What you write must match, character for character, the lines from the one with "7月20日,Beat365官" down to the one with "热门ETF方面,周四(3月1" in the listing below, minus its pictures.

Entries supplied:
______________________________
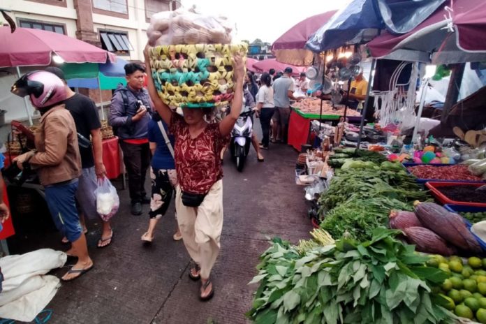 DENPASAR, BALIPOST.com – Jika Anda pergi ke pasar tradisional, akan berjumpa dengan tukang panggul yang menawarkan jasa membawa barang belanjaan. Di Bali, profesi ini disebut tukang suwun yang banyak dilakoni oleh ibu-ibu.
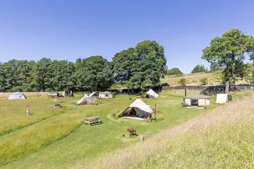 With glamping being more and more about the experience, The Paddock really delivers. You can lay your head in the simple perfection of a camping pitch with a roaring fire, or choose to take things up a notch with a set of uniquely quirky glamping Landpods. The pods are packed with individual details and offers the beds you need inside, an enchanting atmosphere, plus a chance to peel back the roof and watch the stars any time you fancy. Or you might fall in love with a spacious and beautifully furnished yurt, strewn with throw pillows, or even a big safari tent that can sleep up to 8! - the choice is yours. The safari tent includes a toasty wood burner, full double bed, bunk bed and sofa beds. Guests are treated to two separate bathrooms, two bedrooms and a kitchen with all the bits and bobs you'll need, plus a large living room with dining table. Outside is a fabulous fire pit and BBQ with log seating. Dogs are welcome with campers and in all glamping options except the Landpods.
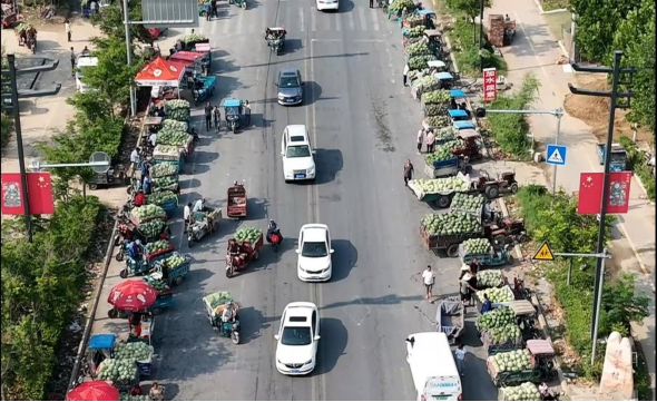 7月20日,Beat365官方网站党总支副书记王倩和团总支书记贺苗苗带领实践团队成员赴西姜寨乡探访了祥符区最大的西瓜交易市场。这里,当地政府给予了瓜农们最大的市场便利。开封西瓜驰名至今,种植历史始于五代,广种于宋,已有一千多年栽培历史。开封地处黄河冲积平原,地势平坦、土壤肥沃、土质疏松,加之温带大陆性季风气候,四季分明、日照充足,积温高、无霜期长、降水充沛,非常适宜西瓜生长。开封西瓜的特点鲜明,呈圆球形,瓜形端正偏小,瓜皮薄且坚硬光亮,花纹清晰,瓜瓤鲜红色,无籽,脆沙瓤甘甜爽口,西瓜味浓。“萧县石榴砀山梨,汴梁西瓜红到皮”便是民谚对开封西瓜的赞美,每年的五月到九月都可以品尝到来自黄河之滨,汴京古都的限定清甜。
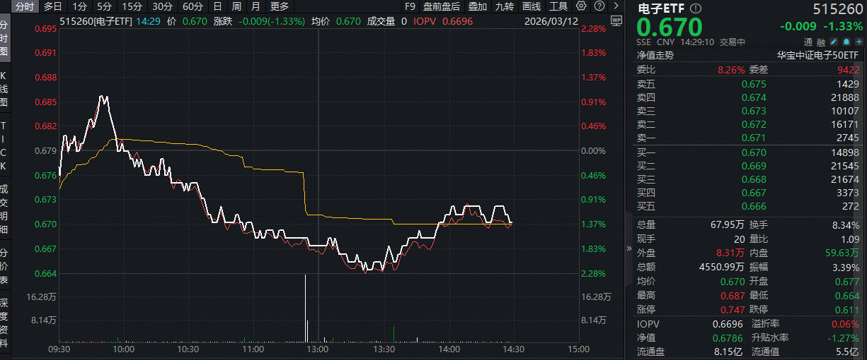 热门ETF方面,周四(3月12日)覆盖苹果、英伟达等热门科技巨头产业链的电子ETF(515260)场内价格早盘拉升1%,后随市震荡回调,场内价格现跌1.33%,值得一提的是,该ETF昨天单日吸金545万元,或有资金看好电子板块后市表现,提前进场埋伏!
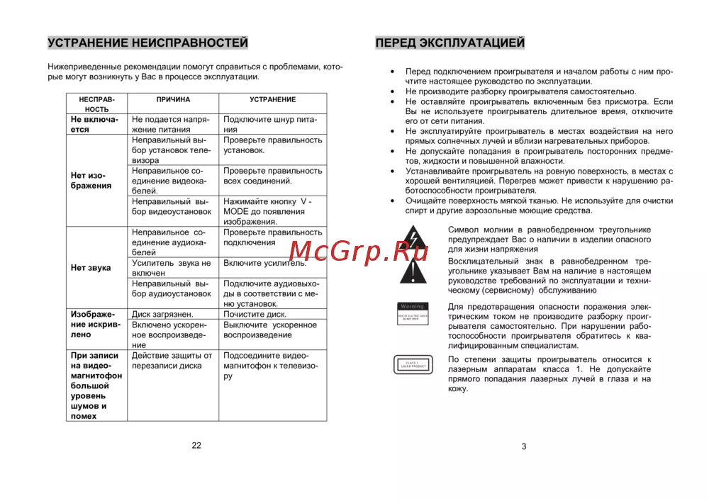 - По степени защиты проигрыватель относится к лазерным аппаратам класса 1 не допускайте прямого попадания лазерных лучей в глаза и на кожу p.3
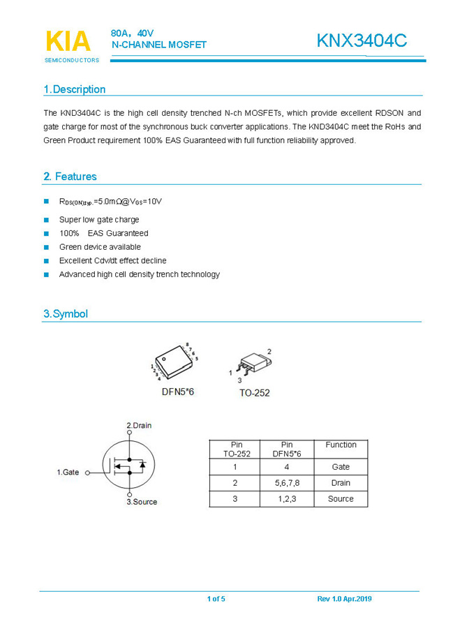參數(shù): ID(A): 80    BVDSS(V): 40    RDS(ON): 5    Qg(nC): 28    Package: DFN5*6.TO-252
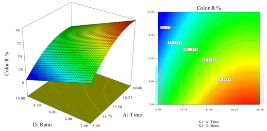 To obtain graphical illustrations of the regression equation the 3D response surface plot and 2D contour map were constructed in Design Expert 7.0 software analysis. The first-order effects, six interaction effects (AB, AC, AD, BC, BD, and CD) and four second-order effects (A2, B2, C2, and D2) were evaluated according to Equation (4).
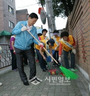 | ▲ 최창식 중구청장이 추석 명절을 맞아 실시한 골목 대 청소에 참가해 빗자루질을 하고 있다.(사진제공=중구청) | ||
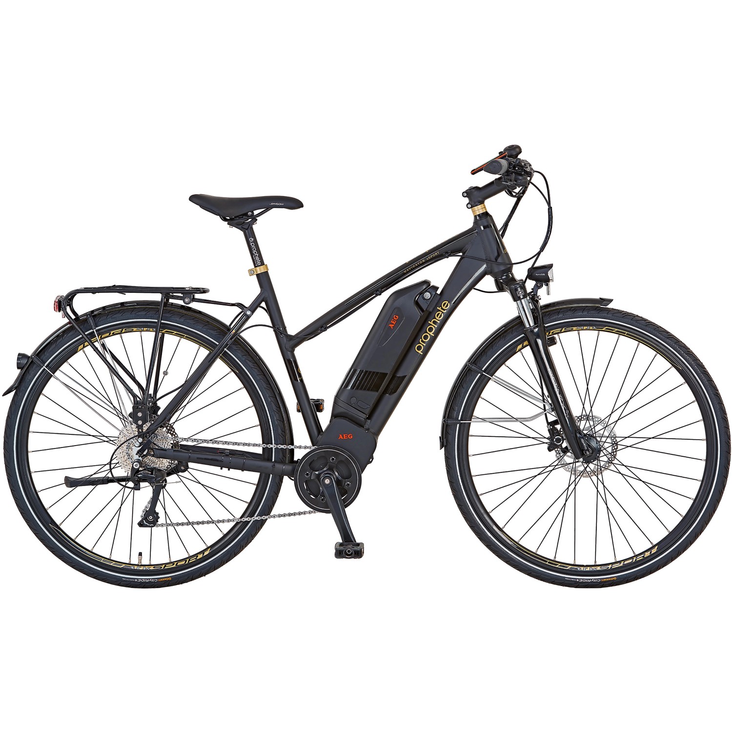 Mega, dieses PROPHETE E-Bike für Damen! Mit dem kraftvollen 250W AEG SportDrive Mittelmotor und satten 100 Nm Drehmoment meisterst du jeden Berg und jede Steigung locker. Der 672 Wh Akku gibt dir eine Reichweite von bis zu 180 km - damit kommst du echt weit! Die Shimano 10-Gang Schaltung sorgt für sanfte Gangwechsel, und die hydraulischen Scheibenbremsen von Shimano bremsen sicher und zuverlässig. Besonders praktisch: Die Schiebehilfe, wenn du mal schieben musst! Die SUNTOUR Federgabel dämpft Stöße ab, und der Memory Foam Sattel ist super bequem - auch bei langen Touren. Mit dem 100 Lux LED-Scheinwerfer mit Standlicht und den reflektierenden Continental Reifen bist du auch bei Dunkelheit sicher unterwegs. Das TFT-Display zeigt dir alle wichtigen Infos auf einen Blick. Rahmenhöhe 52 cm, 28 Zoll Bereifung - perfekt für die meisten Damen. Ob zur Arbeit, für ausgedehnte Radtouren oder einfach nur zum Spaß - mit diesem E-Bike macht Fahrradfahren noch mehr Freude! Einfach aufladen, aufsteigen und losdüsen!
______________________________
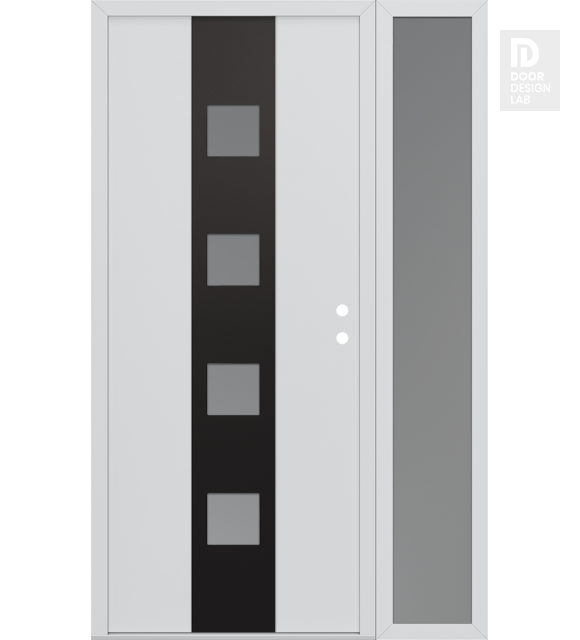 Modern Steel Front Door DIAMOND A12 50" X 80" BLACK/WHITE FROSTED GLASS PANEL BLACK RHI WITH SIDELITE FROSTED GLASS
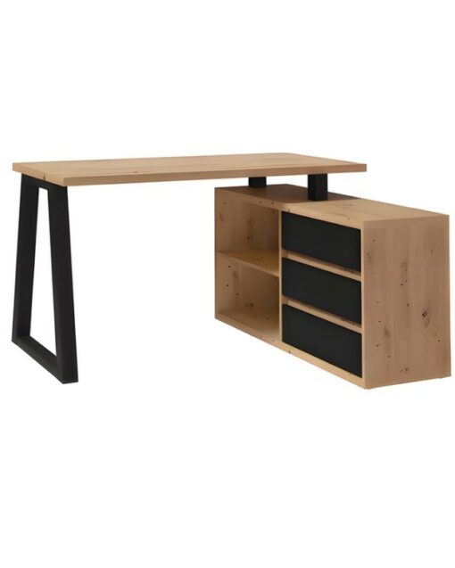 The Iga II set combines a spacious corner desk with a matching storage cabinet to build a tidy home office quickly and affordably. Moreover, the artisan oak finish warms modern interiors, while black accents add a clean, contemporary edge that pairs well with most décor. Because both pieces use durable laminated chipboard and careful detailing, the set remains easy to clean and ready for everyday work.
______________________________
Exercise response:
 7月20日,Beat365官方网站党总支副书记王倩和团总支书记贺苗苗带领实践团队成员赴西姜寨乡探访了祥符区最大的西瓜交易市场。这里,当地政府给予了瓜农们最大的市场便利。开封西瓜驰名至今,种植历史始于五代,广种于宋,已有一千多年栽培历史。开封地处黄河冲积平原,地势平坦、土壤肥沃、土质疏松,加之温带大陆性季风气候,四季分明、日照充足,积温高、无霜期长、降水充沛,非常适宜西瓜生长。开封西瓜的特点鲜明,呈圆球形,瓜形端正偏小,瓜皮薄且坚硬光亮,花纹清晰,瓜瓤鲜红色,无籽,脆沙瓤甘甜爽口,西瓜味浓。“萧县石榴砀山梨,汴梁西瓜红到皮”便是民谚对开封西瓜的赞美,每年的五月到九月都可以品尝到来自黄河之滨,汴京古都的限定清甜。
 热门ETF方面,周四(3月12日)覆盖苹果、英伟达等热门科技巨头产业链的电子ETF(515260)场内价格早盘拉升1%,后随市震荡回调,场内价格现跌1.33%,值得一提的是,该ETF昨天单日吸金545万元,或有资金看好电子板块后市表现,提前进场埋伏!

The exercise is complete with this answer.